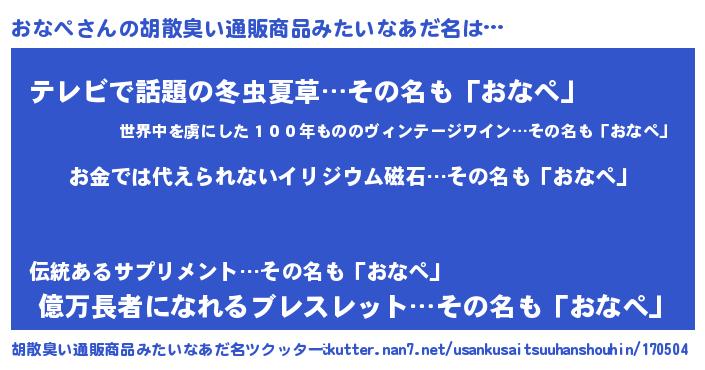 | ヒーロー風カッコイイあだ名 | 『慈愛の使者おなぺ』『スーパーオナペ』 |
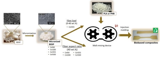 In the present work, the impact of the micronized fiber load and the effect of their aspect ratio on the properties of green composites with two distinct grades of both PLA and PHB matrices were evaluated. The four bio-based polymeric matrices (i.e., PLA 3D860, PLA 3100HP, PHB P209E, and PHB P226) were selected according to their mechanical properties, melt flow index, and recommended uses [27,28]. To assess the impact of the micronized fibers’ load, Cel355 fibers with an intermediate aspect ratio (26.6) were melt-mixed with the thermoplastic matrices. To study the effect of the aspect ratio of the fibers, four micronized fibers with distinct aspect ratios and BEKP (Table 1) were also melt-mixed with all four thermoplastic matrices for a fixed fiber load of 40 wt.% (Figure 1).
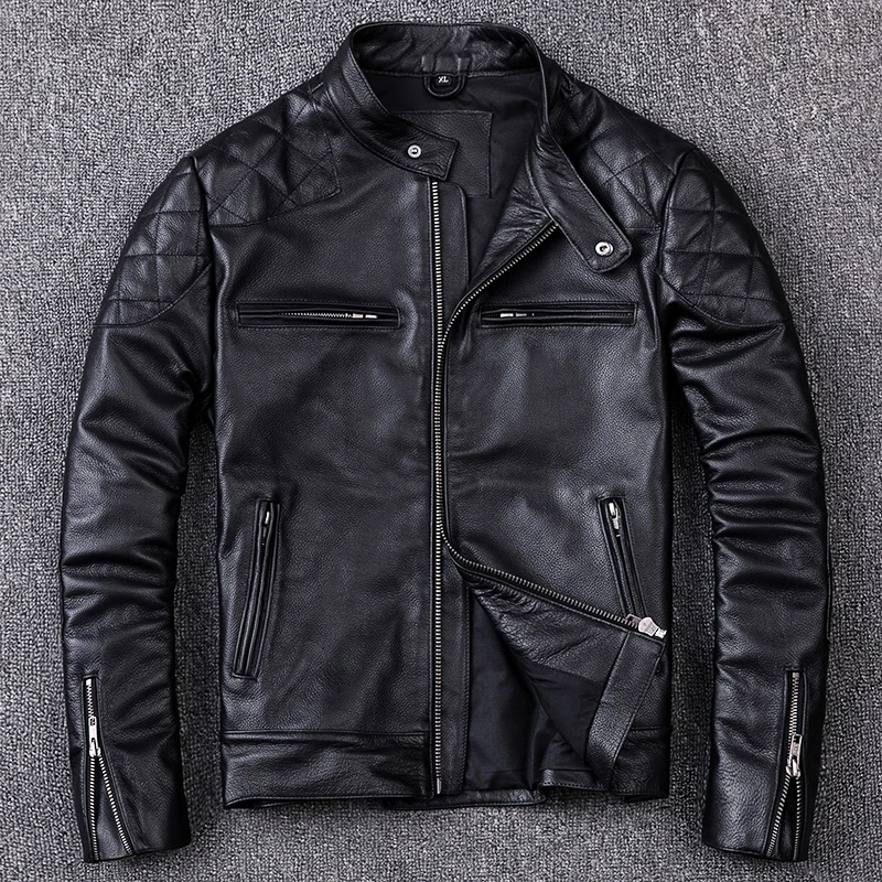 Мужская мотоциклетная куртка из натуральной кожи Дэвида Бекхэма, черная короткая приталенная куртка из воловьей кожи на осень
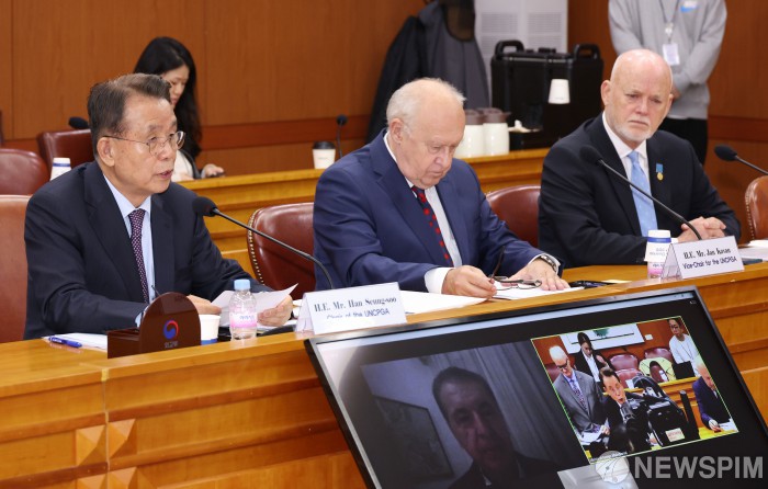[서울=뉴스핌] 김학선 기자 = 19일 서울 종로구 정부서울청사 별관 외교부에서 열린 2023 유엔총회의장협의회(UNCPGA) 전체회의 개회식에서 한승수 의장이 발언하고 있다. 2023.10.19 yooksa@newspim.com
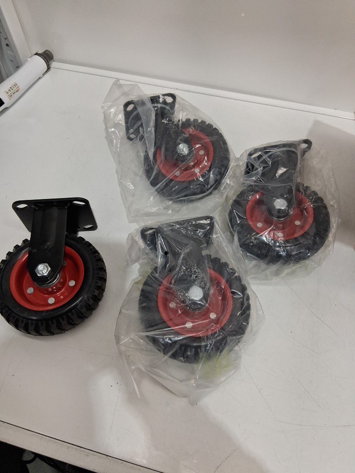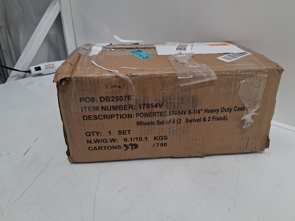 4PK POWERTEC 6" Heavy-Duty Caster Set (2 Swivel & 2 Fixed) with Rubber Knobby Tread, Solid Rubber Wheels with Steel Hub, 330 lb Load Capacity Per Wheel and Plate Mount (Model: 17054V)
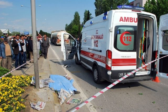 Manisa'nın Salihli ilçesinde tanker ile motosikletin çarpışması sonucu meydana gelen kazada motosiklet sürücüsü hayatını kaybetti. Kaza, E-96 karayolu Akhisar ışıklı kavşakta meydana geldi. Edinilen bilgiye göre, İzmir yönünden Kula yönüne gitmekte olan Hakan A. (23) yönetimindeki 42 YE 649 plakalı tanker ile aynı yöne gitmekte olan Hüseyin Çetin (61) yönetimindeki 45 LG 710 plakalı motosiklet kavşakta çarpıştı. Kazada motosiklet sürücü Çetin, olay yerinde feci şekilde hayatını kaybetti. 2 çocuk babası Çetin'in cenazesi Salihli Devlet Hastanesi morguna kaldırılırken, tanker sürücüsü gözaltına alındı. Polis kaza ile ilgili çalışma başlattı.(Behzat Akcan /İHA)
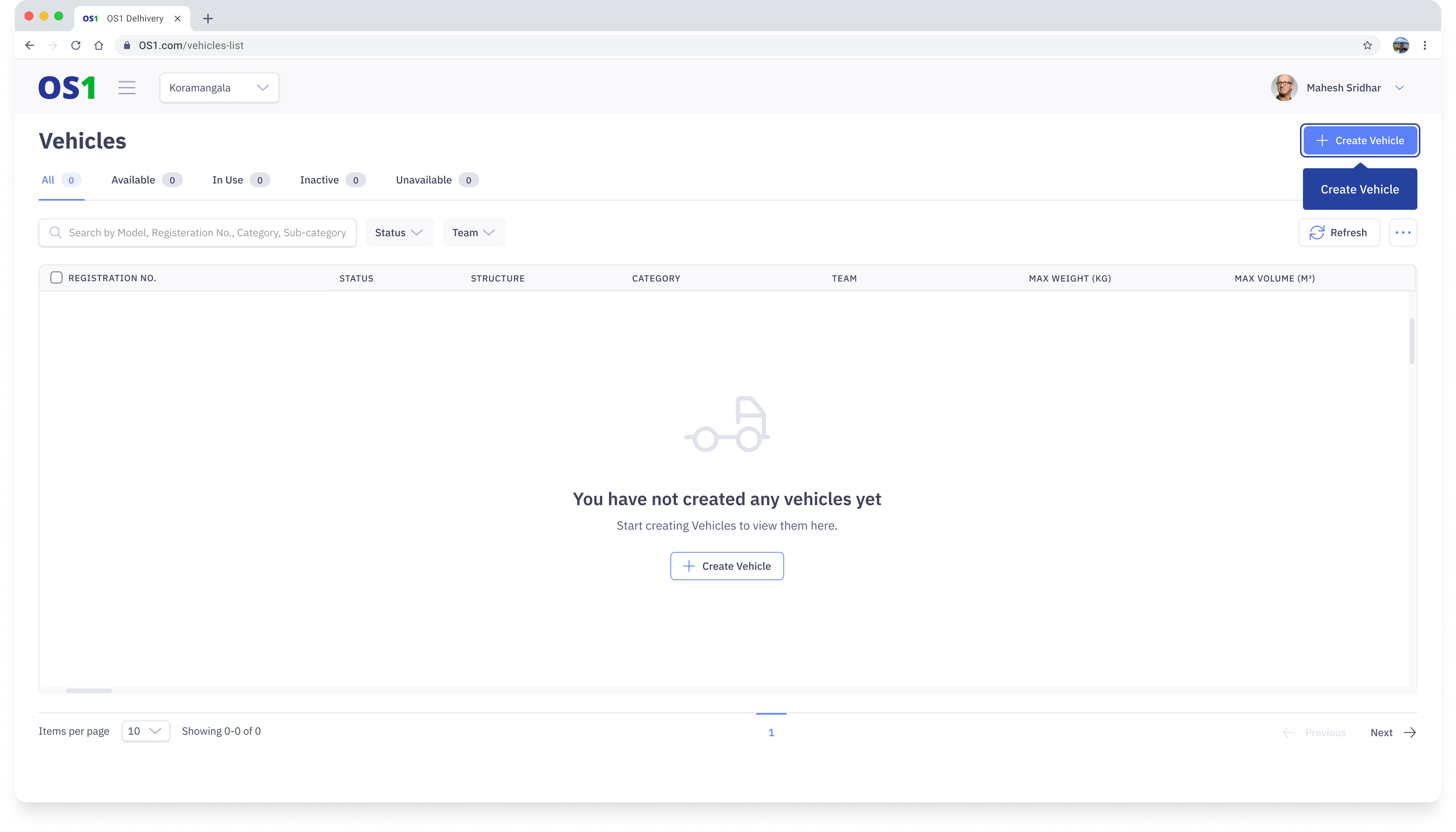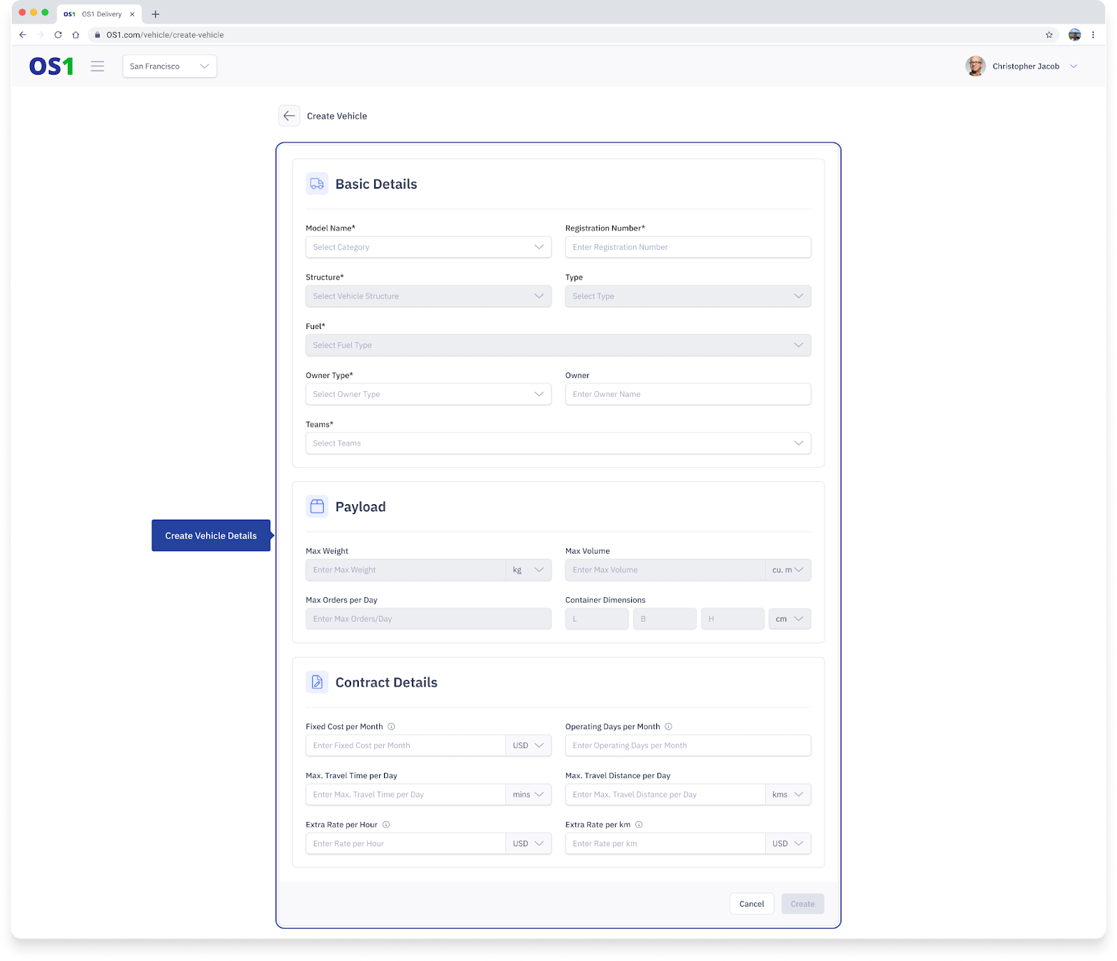 To create a Vehicle in the system, navigate to the Vehicles page and click on the "Create Vehicle" button located in the top right corner of the page. This will take you to the Create Vehicle page, where you need to enter the following information:

···

**EXERCISE INSTRUCTIONS:** The finished answer is an exact repetition of the listing, with every picture removed.

**RESULT OF THIS EXERCISE:**
 | ヒーロー風カッコイイあだ名 | 『慈愛の使者おなぺ』『スーパーオナペ』 |
 In the present work, the impact of the micronized fiber load and the effect of their aspect ratio on the properties of green composites with two distinct grades of both PLA and PHB matrices were evaluated. The four bio-based polymeric matrices (i.e., PLA 3D860, PLA 3100HP, PHB P209E, and PHB P226) were selected according to their mechanical properties, melt flow index, and recommended uses [27,28]. To assess the impact of the micronized fibers’ load, Cel355 fibers with an intermediate aspect ratio (26.6) were melt-mixed with the thermoplastic matrices. To study the effect of the aspect ratio of the fibers, four micronized fibers with distinct aspect ratios and BEKP (Table 1) were also melt-mixed with all four thermoplastic matrices for a fixed fiber load of 40 wt.% (Figure 1).
 Мужская мотоциклетная куртка из натуральной кожи Дэвида Бекхэма, черная короткая приталенная куртка из воловьей кожи на осень
[서울=뉴스핌] 김학선 기자 = 19일 서울 종로구 정부서울청사 별관 외교부에서 열린 2023 유엔총회의장협의회(UNCPGA) 전체회의 개회식에서 한승수 의장이 발언하고 있다. 2023.10.19 yooksa@newspim.com
 4PK POWERTEC 6" Heavy-Duty Caster Set (2 Swivel & 2 Fixed) with Rubber Knobby Tread, Solid Rubber Wheels with Steel Hub, 330 lb Load Capacity Per Wheel and Plate Mount (Model: 17054V)
 Manisa'nın Salihli ilçesinde tanker ile motosikletin çarpışması sonucu meydana gelen kazada motosiklet sürücüsü hayatını kaybetti. Kaza, E-96 karayolu Akhisar ışıklı kavşakta meydana geldi. Edinilen bilgiye göre, İzmir yönünden Kula yönüne gitmekte olan Hakan A. (23) yönetimindeki 42 YE 649 plakalı tanker ile aynı yöne gitmekte olan Hüseyin Çetin (61) yönetimindeki 45 LG 710 plakalı motosiklet kavşakta çarpıştı. Kazada motosiklet sürücü Çetin, olay yerinde feci şekilde hayatını kaybetti. 2 çocuk babası Çetin'in cenazesi Salihli Devlet Hastanesi morguna kaldırılırken, tanker sürücüsü gözaltına alındı. Polis kaza ile ilgili çalışma başlattı.(Behzat Akcan /İHA)
 To create a Vehicle in the system, navigate to the Vehicles page and click on the "Create Vehicle" button located in the top right corner of the page. This will take you to the Create Vehicle page, where you need to enter the following information:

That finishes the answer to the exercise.